Records shown:
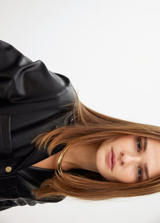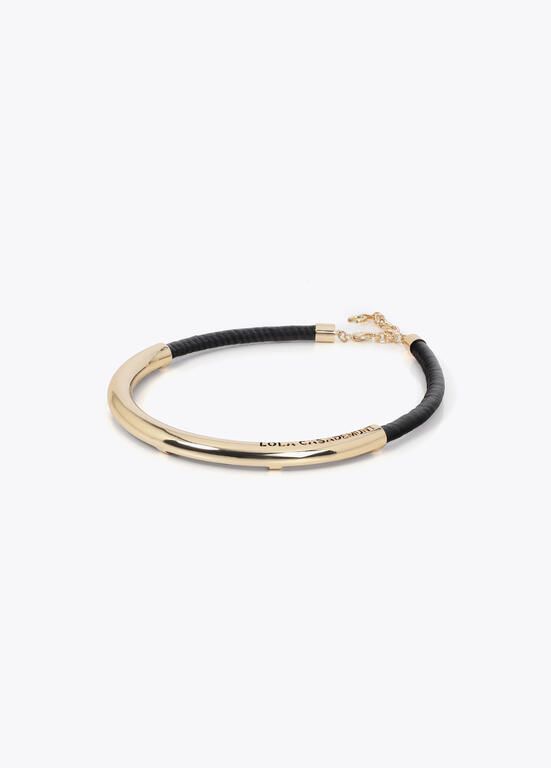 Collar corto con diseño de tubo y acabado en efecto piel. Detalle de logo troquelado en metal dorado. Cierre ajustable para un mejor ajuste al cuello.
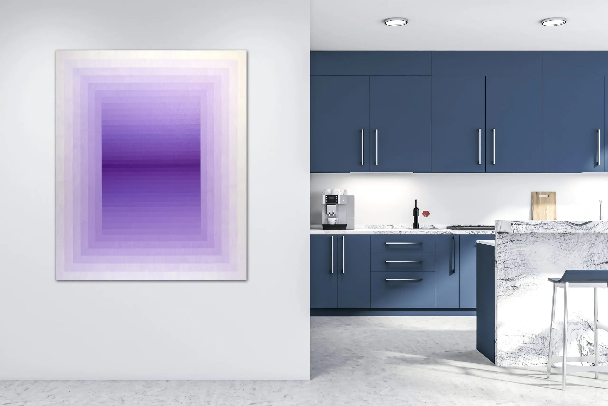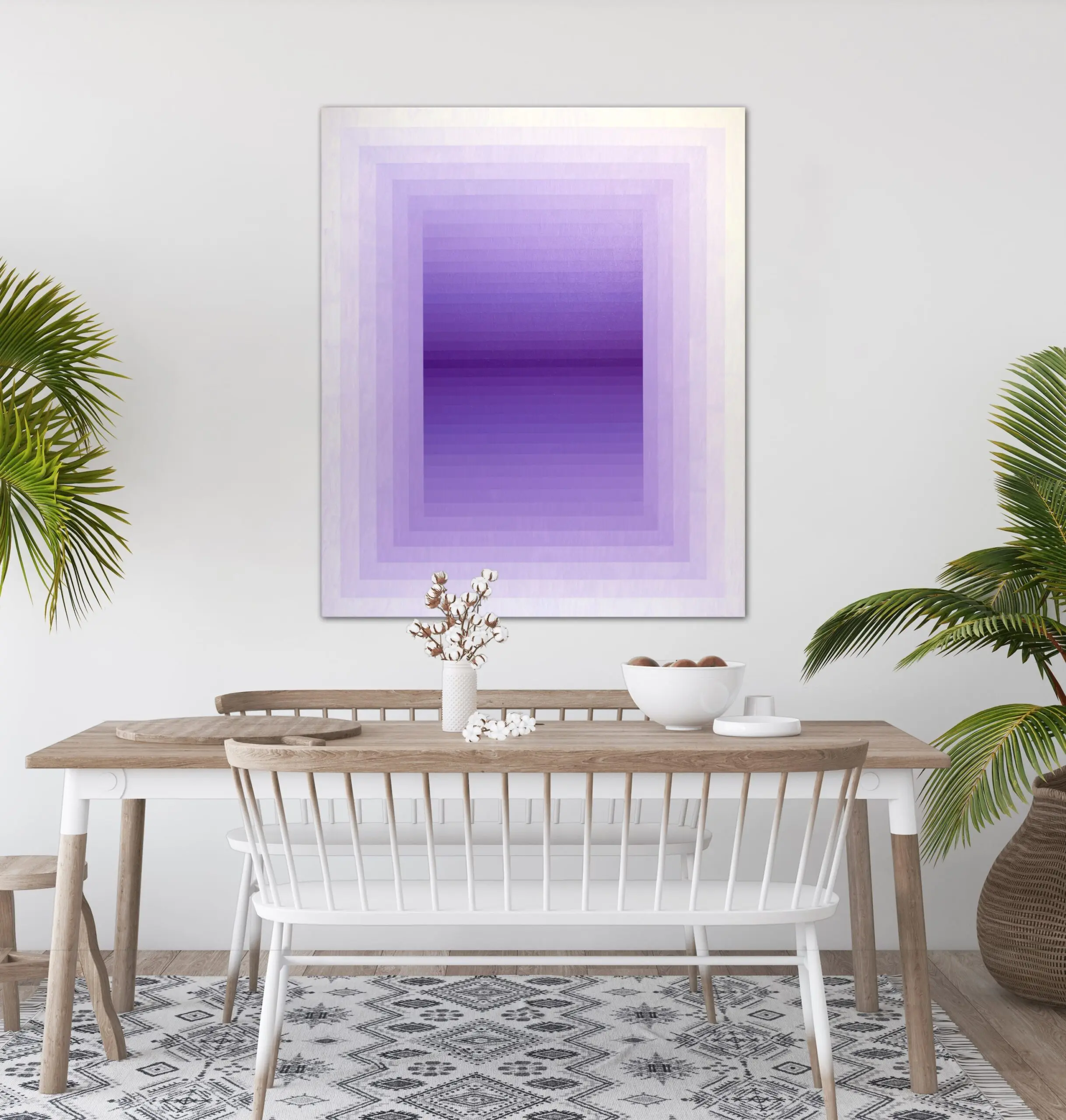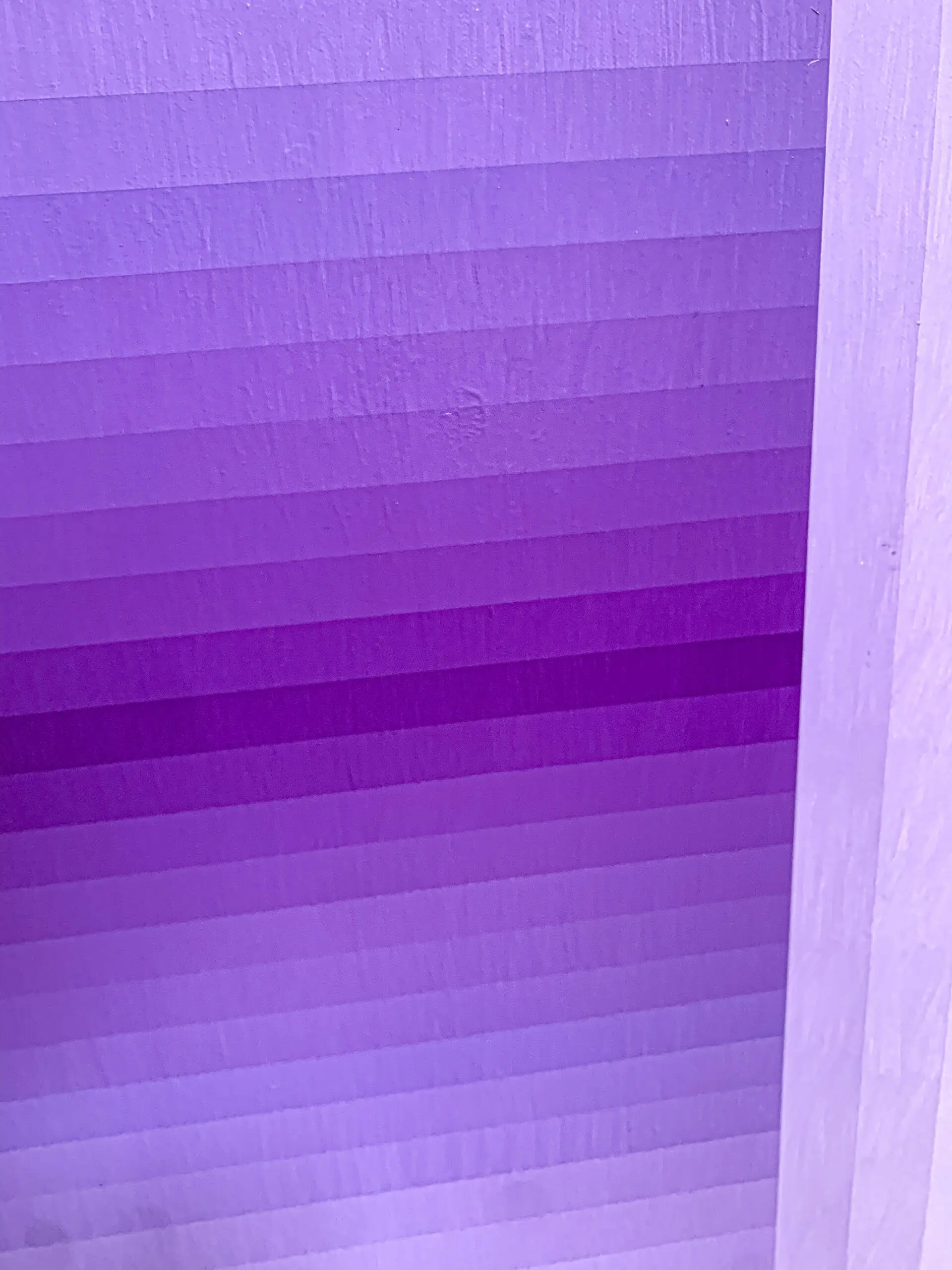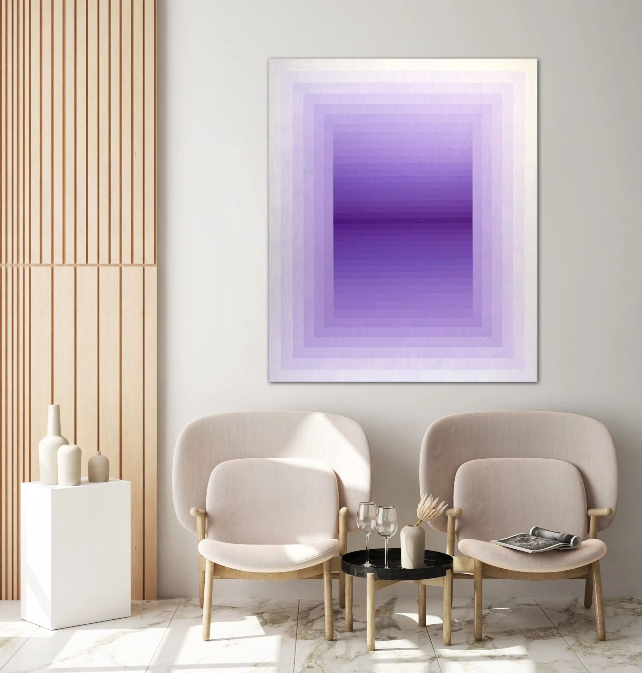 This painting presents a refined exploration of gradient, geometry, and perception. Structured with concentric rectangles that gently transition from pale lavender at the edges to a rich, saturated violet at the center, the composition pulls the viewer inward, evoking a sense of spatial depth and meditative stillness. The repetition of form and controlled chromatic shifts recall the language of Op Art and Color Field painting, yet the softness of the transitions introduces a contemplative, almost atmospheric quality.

--

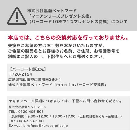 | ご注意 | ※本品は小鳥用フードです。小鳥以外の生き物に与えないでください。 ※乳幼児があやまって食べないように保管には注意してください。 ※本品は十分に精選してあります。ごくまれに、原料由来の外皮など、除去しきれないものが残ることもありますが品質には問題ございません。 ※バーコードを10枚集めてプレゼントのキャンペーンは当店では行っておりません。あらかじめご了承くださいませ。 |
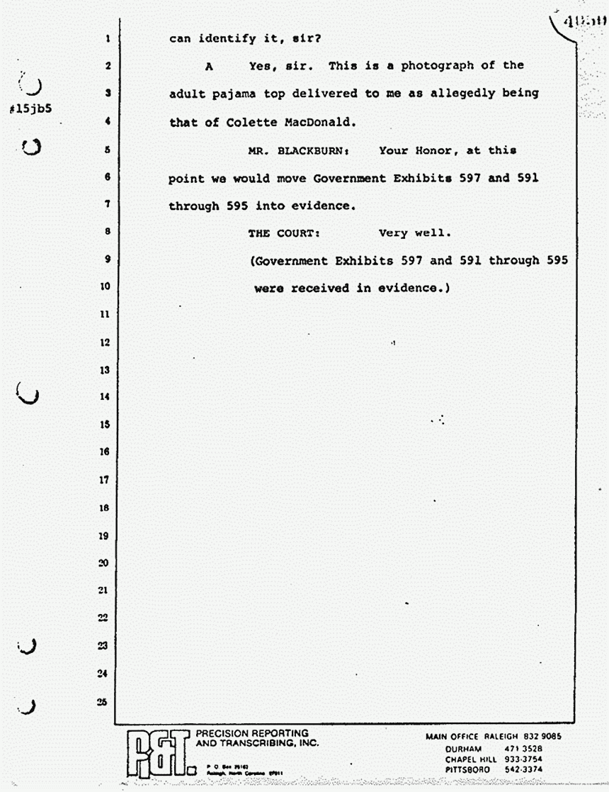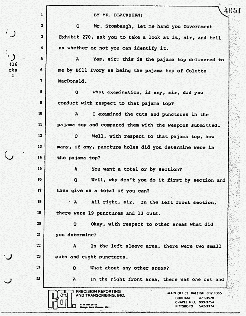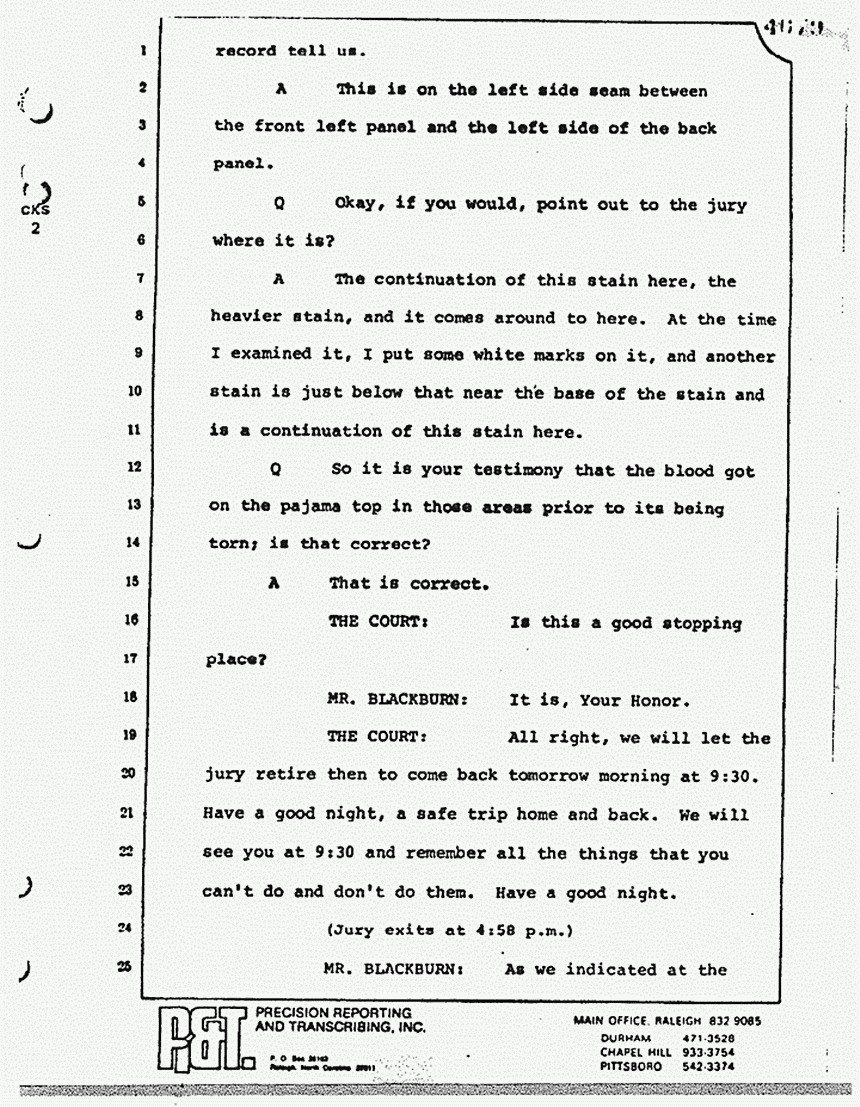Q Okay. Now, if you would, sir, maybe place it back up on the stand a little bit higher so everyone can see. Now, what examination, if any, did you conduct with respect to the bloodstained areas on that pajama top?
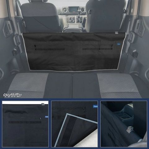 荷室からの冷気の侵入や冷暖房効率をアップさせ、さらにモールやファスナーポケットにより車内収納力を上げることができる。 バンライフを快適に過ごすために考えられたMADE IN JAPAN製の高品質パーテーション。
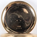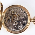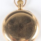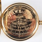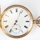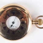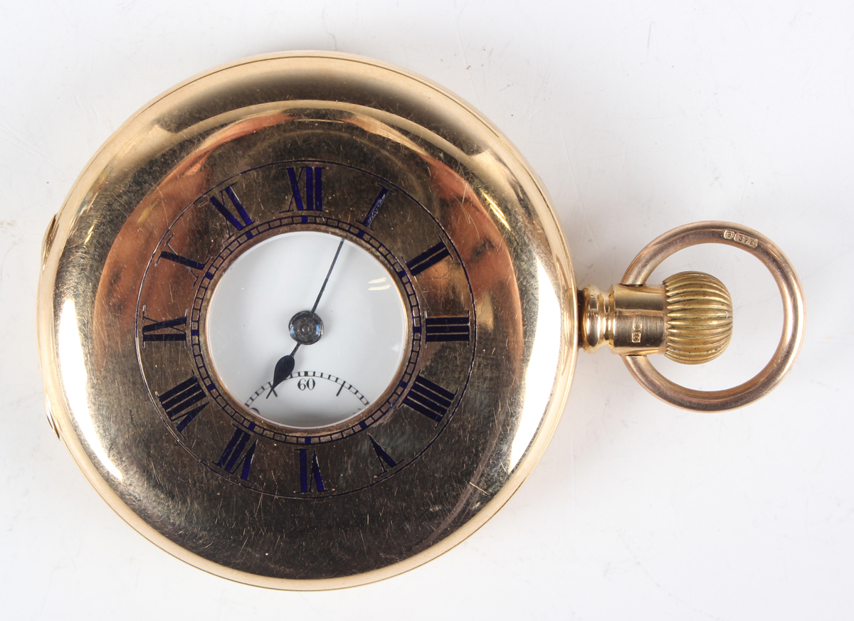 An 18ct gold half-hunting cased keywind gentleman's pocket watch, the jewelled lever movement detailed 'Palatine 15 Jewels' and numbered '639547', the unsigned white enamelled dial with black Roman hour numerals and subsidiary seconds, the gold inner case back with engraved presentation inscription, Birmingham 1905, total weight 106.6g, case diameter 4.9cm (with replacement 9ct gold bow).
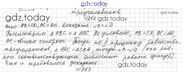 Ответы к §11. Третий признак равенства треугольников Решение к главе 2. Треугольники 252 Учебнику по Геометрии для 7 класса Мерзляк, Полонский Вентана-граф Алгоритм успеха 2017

Exercise instructions: I would like the exact lines from the data above, starting with the one that holds "Collar corto con" and going on through the one that holds "This painting presents", without the pictures.

Response below:
 Collar corto con diseño de tubo y acabado en efecto piel. Detalle de logo troquelado en metal dorado. Cierre ajustable para un mejor ajuste al cuello.
 This painting presents a refined exploration of gradient, geometry, and perception. Structured with concentric rectangles that gently transition from pale lavender at the edges to a rich, saturated violet at the center, the composition pulls the viewer inward, evoking a sense of spatial depth and meditative stillness. The repetition of form and controlled chromatic shifts recall the language of Op Art and Color Field painting, yet the softness of the transitions introduces a contemplative, almost atmospheric quality.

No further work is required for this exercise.